Schimmelbusch attempted to improve his original anaesthetic mask design in 1895 but it was not a success; so the original design was used in clinical practice. It has since been modified in different ways but the principle remains the same. The mask rim is designed to fit the contours of a person’s face. A frame is constructed over the rim of the mask with 10 to 12 layers of Gamgee gauze (a surgical dressing invented by Dr Joseph Sampson Gamgee in Birmingham, England, in 1880, consisting of a thick layer of absorbent cotton wool held between two layers of absorbent gauze) applied over it and clamped in place during use. This frame keeps the gauze away from the face of the patient to make it more comfortable and acceptable for the patient. There is a gutter that runs around the rim to catch excess anaesthetic liquid so that it does not drip onto the patient’s face and irritate the patient—this is a desirable characteristic as an irritable patient might contribute to stormy induction of ether anaesthesia.
 
When used, the mask with Gamgee gauze in place is applied to the face of the patient. It covers the nose and mouth while the liquid anaesthetic (either chloroform or ether) is dropped onto the gauze. The patient, thus, breathes through the gauze and inhales the vapours of the anaesthetic. The control of the anaesthetic dose and speed of onset of effect are dictated by the anaesthetist controlling the amount and rate of the liquid anaesthetic being dropped onto the gauze. Ongoing anaesthesia is maintained at the desired level by continued administration of the liquid anaesthetic onto the gauze, as appropriate.
 
The mask is classified as a semi-open anaesthetic breathing system (circuit).

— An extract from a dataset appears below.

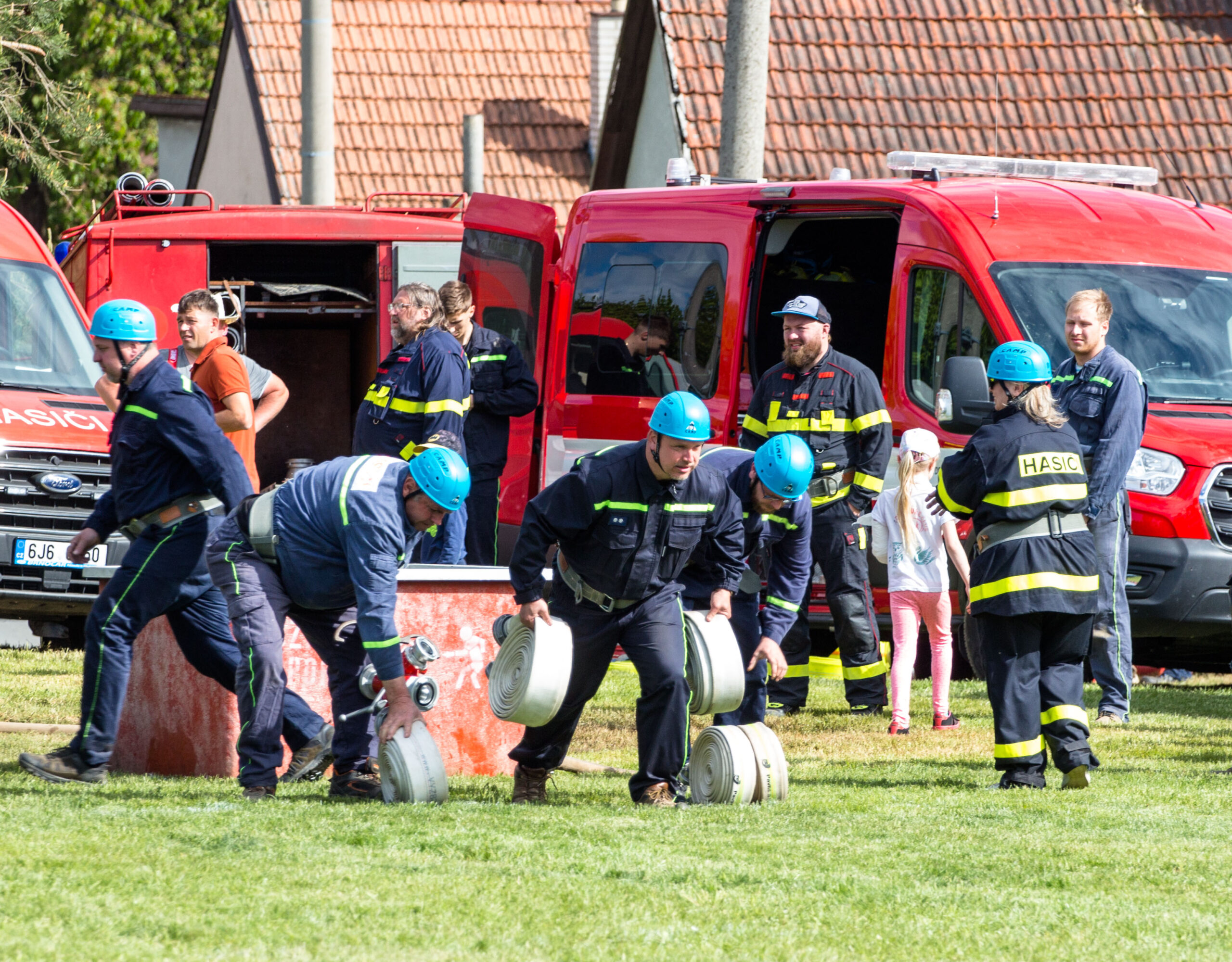 Níže nabízím fotogalerii hrbovského týmu na soutěži a taky video druhého (úspěšného) požárního útoku.

As the mask increases the anatomical dead space for breathing, it causes an increase in the patient’s minute volume ventilation in an attempt to compensate for the reduction in alveolar ventilation. This physiological ventilatory enhancement hastens the vaporisation and inhalation of the anaesthetic and is conducive to a quicker and less stormy induction.
 
The Schimmelbusch mask was probably used in Hong Kong soon after its introduction to clinical anaesthesia in the western world. As ether and chloroform anaesthesia were prevalent in Hong Kong from the early colonial days, with the first recorded surgical operation performed on 18 March 1848 by a British surgeon employing chloroform anaesthesia, it is conceivable that the mask was generally used for the purpose in Hong Kong since its invention and introduction. Ether and chloroform were superseded by the introduction of barbiturates (pentobarbital and methohexital) for intravenous induction of general anaesthesia and the use of inhalation anaesthetic agents like trichloroethylene, and then halothane, for induction or maintenance of general anaesthesia in the 1950s. The mask was superseded when new anaesthetic machines and breathing circuits were designed after the Second World War to vapourise and deliver volatile anaesthetics, eg the Epstein-Macintosh-Oxford (EMO) ether anaesthetic apparatus (1956), and the Boyle’s series of Anaesthetic Machines (1950s to 1990s)—a British anaesthetic equipment often used in Hong Kong at the time. The EMO remained a back-up for the more modern anaesthetic equipment (and for anaesthetic training) in Hong Kong until the 1970s when they were completely retired from service.